Almost airtight homes are becoming common. Every window and door has seals, frames are fixed with silicone sealants, heating systems have sealed boilers with balanced flues, and floors have laminate locking flooring with an underfloor membrane.

OK, that is the reason why condensation is so likely - warm moist air is trapped inside, and some areas of the house have colder surfaces for water to condense upon.

Winter 2013-2014 has been exceptionally wet, with some places with almost 2 months of daily rainfall and temperatures well above 5 deg C.

Even extractors (which have to suck air into the house from somewhere!) and ventilation through open windows would not allow significant moisture out of houses under these conditions, without near saturated air entering.

Air movement is not necessarily ventilation. As well as supplying a vacuum cleaner at the onset of the tenancy, supply a couple of straightforward desk-type fans. They are not expensive unless you try to buy them during a heatwave. Advise that they may be used in summer to make rooms more comfortable, and in winter to move air around any areas that may become damp through condensation, including corners, wardrobes, behind furniture etc.

Consider electrical storage heating rather than GCH for rental properties, since this gives continuous warmth, and less chance of abuse by the tenants. It also frees the property up from an annual gas safety check and hiked up fees from Gas Safe engineers for repairs or installation. There is also less chance of explosion, and it should deter the growing of certain houseplants which do not like dry heat :) Make sure that butane/propane heaters are disallowed.

Condensation is one thing, Mould growth is another.

Mould will not grow to a problem extent on surfaces that are cleaned regularly with cleaners that are basically biocidal - we used to call them disinfectants, now they may be antibacterial surface cleaners.

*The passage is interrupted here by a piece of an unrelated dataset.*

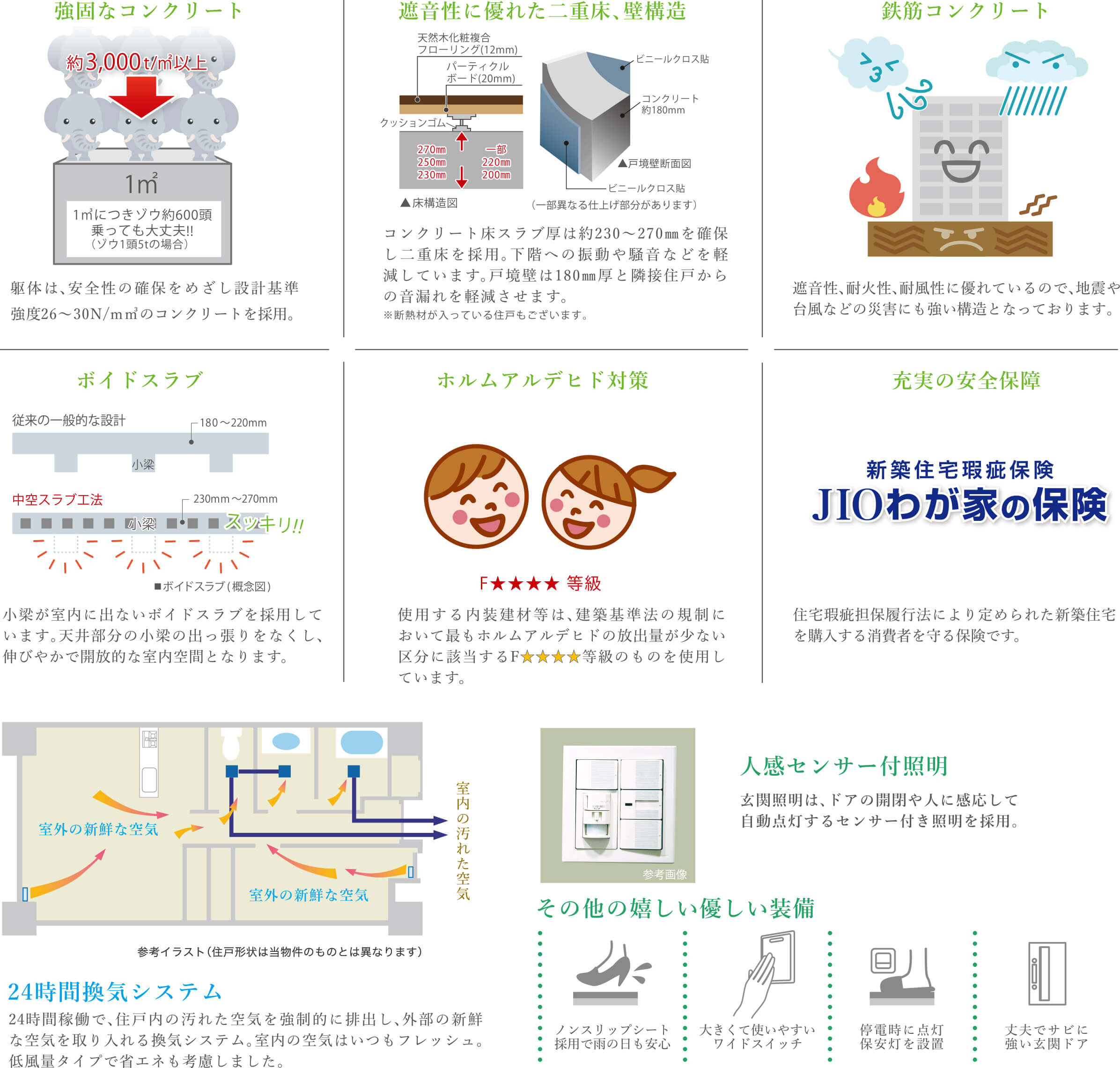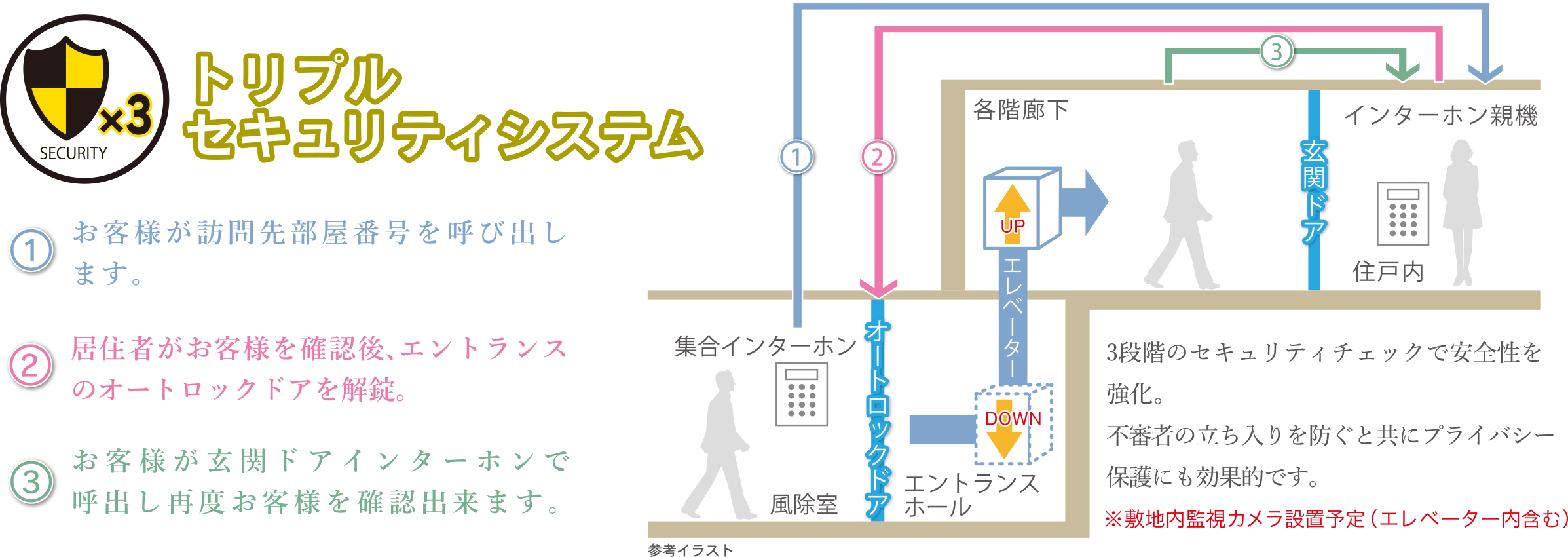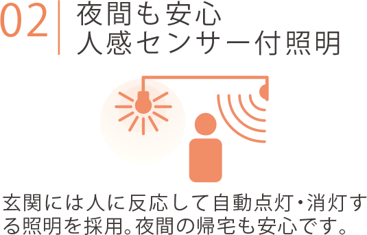 映像と音声で来訪者が確認できる、ハンズフリータイプのインターホンを採用。万が一の非常時にはダイレクトに管理事務室に異常を通知、管理人不在時は管理会社に自動転送するなど警報機能も搭載しています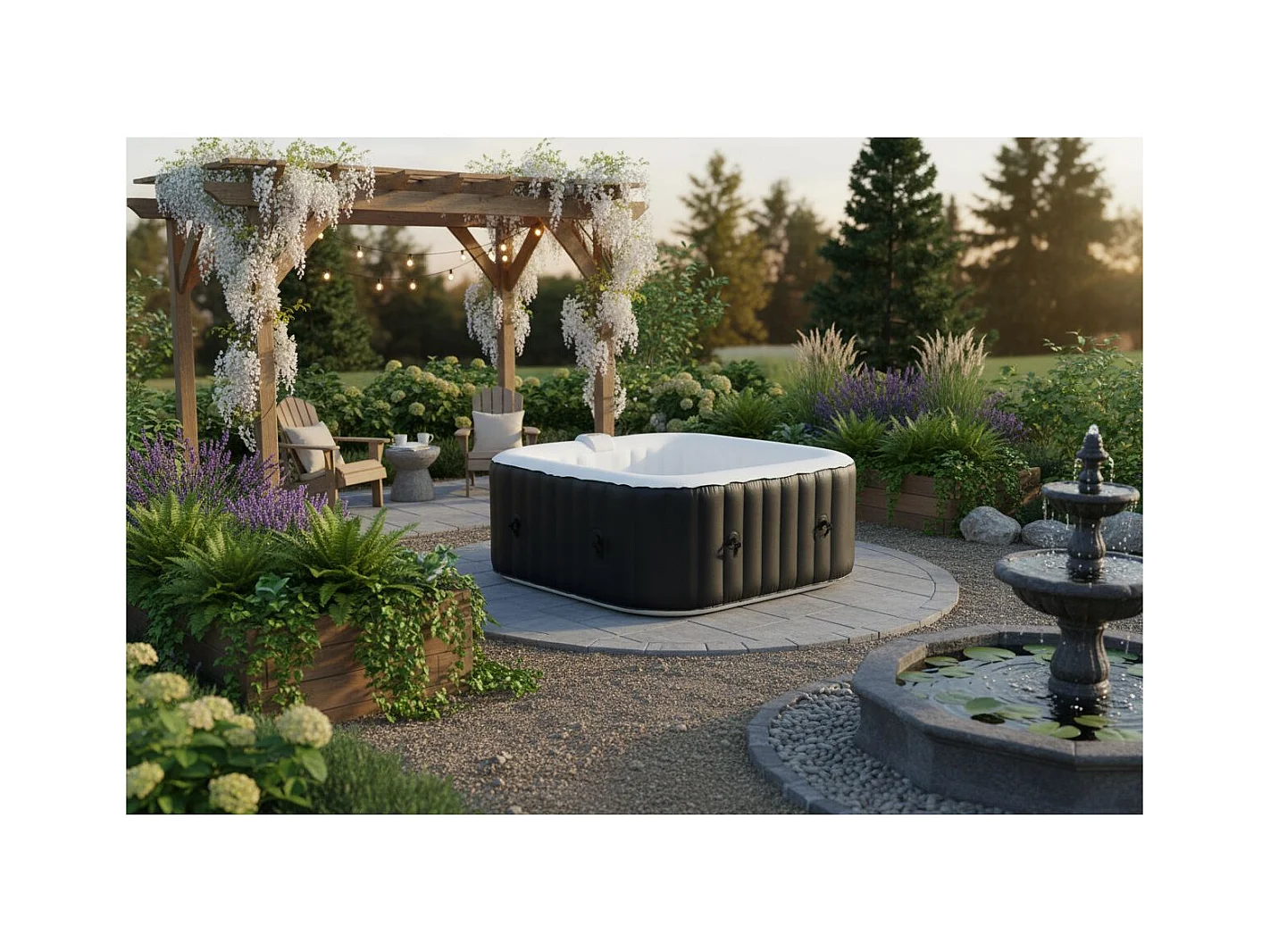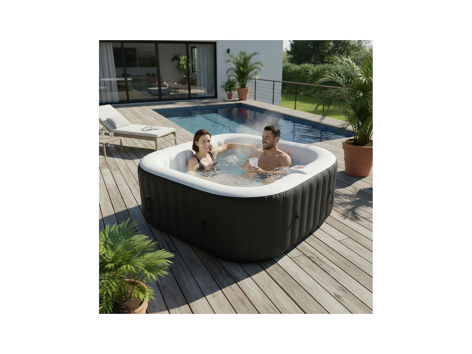 Spa gonflable 4 places carré - Ospazia - Dimensions : 155 x 155 cm - Filtre et bâche inclus

Make cleaning surfaces (windows, frames, tiles and grout etc) to prevent build-up of dirt, mould a condition of the lease.

Give the tenants a handbook how to go about cleaning and make sure they know that excessive dirt is not "normal wear and tear" and will be charged for unreasonable quantities in the cleanup at the end of the tenancy, and during the term of the tenancy if an inspection shows that cleaning has not been carried out to a reasonable level. This could include carpets, upholstery and kitchen and bathroom fixtures.

Above all, make it easy for tenants to contact you or your managing agent about problems, and be available to advise and fix anything that needs doing promptly.